Velero for K8s Backup
Velero backs up cluster state. The pattern.
Scope
Velero is the open-source backup and restore tool for Kubernetes. The discipline is configuring it to capture what matters and tested its restore capability. Without testing, the backup is unproven; with testing, it is operationally trustworthy.
What scope Velero covers:
- Resources: Deployments, Services, etc.: Velero captures the cluster's Kubernetes resources. Deployments, services, configmaps, secrets, custom resources all are part of the backup.
- PV snapshots optional.: Persistent volume snapshots are configurable. Some teams snapshot all PVs; some snapshot none; most snapshot the workloads where the data matters.
- Configurable.: The backup scope is configured per backup. Different backups can have different scopes; the team's setup matches their needs.
- Namespace-scoped backups.: Velero supports per-namespace backups. Different namespaces can have different backup schedules and retention; the granularity supports per-team or per-application requirements.
- Selector-based.: Backups can be scoped by label selectors. Production workloads back up; sandbox does not; the discipline matches the data's value.
The scope is the foundation. Without deliberate scope, the backup either captures too much (cost) or too little (gaps).
Restore
The restore is what makes the backup valuable. Without testing the restore, the backup is theatrical; with testing, the team's recovery capability is real.
- Disaster recovery: restore to new cluster.: The primary use is disaster recovery. A new cluster is created; Velero restores the backup; the workloads come up; the system is recovered.
- Tested quarterly.: The restore is tested every quarter. The test is structured: create a new cluster, restore the backup, verify workloads, document time and issues. The discipline verifies the capability.
- Selective restore.: Velero supports restoring specific resources or namespaces. The team does not have to restore everything; targeted restores fit specific recovery scenarios.
- Cross-cluster restore.: Velero can restore to a different cluster than the source. Migration between clusters, recovery to a backup cluster, both use the same capability.
- Document the procedure.: The restore procedure is documented. New team members can perform it; the institutional knowledge is preserved; the next test starts from a documented baseline.
The restore is what produces the value. Backups without restores are wasted storage.
Schedule
The backup schedule matches recovery requirements. Daily is standard; some teams need more frequent; some less. The retention policy keeps the backups available for the recovery windows the team needs.
- Daily backups.: Daily is the typical schedule. The recovery window is "last 24 hours"; data losses larger than 24 hours are addressable through backups.
- 30-day retention.: The default retention is 30 days. Most recovery scenarios are within 30 days; the retention policy keeps the backup available.

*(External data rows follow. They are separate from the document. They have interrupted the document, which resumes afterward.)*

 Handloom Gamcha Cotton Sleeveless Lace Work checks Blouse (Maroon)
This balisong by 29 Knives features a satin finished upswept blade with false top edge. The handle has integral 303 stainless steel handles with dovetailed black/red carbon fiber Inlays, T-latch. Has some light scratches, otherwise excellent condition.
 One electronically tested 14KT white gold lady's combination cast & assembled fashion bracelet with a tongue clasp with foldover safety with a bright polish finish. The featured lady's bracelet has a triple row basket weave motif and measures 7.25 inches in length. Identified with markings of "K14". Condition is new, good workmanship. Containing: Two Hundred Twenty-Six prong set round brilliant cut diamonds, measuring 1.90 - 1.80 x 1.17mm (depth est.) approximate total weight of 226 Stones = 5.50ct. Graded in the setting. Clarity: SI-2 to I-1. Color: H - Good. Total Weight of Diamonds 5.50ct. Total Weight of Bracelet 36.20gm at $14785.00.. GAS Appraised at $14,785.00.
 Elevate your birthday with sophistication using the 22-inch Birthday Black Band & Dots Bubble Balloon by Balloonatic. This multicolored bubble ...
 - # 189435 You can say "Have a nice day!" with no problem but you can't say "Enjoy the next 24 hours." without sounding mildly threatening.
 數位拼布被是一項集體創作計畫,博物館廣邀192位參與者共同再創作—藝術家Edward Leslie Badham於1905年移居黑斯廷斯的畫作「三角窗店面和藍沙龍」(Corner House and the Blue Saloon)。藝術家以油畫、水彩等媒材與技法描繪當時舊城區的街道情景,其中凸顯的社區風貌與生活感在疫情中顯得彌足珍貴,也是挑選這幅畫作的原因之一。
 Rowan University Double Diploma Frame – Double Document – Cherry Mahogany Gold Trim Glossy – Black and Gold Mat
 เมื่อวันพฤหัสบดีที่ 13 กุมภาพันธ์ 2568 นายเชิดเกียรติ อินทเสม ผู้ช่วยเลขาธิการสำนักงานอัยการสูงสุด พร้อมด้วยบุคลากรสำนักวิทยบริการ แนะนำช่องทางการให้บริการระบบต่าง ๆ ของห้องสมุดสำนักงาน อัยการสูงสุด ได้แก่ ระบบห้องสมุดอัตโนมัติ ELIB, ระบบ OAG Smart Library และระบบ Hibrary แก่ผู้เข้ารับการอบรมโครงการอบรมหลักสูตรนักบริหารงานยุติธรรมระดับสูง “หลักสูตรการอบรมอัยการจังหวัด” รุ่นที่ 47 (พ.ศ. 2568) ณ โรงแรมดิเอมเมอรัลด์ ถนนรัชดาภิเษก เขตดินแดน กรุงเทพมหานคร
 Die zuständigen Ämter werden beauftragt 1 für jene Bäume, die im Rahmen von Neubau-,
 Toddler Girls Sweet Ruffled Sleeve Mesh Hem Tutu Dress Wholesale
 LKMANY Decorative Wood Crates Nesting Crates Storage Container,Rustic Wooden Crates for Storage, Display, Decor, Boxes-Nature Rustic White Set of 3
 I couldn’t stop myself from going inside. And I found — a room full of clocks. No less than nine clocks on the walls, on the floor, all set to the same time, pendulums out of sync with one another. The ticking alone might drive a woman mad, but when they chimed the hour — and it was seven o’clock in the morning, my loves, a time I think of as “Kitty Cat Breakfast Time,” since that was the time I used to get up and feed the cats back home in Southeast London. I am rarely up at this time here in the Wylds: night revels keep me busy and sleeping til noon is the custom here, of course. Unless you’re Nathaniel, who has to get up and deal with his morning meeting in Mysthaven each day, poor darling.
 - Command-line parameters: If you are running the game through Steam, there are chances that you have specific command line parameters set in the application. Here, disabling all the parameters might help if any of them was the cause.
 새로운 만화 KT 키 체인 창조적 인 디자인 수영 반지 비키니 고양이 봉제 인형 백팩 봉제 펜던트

- Adequate for most needs.: The daily-with-30-day pattern fits most teams. Specific use cases (compliance retention, DR drills) might warrant adjustment.
- Tiered retention possible.: Daily backups for 30 days; weekly for 90; monthly for a year. The tiered retention provides flexibility without unbounded storage cost.
- Track backup health.: Each backup's success is tracked. Failed backups are alerted; the team's backup capability is verified continuously rather than discovered during recovery.
Velero backup is one of those Kubernetes operational disciplines that pays off in disaster recovery scenarios. Nova AI Ops integrates with Velero and similar backup tools, surfaces backup health and restore-test results, and produces the per-cluster recovery readiness view that the platform team uses.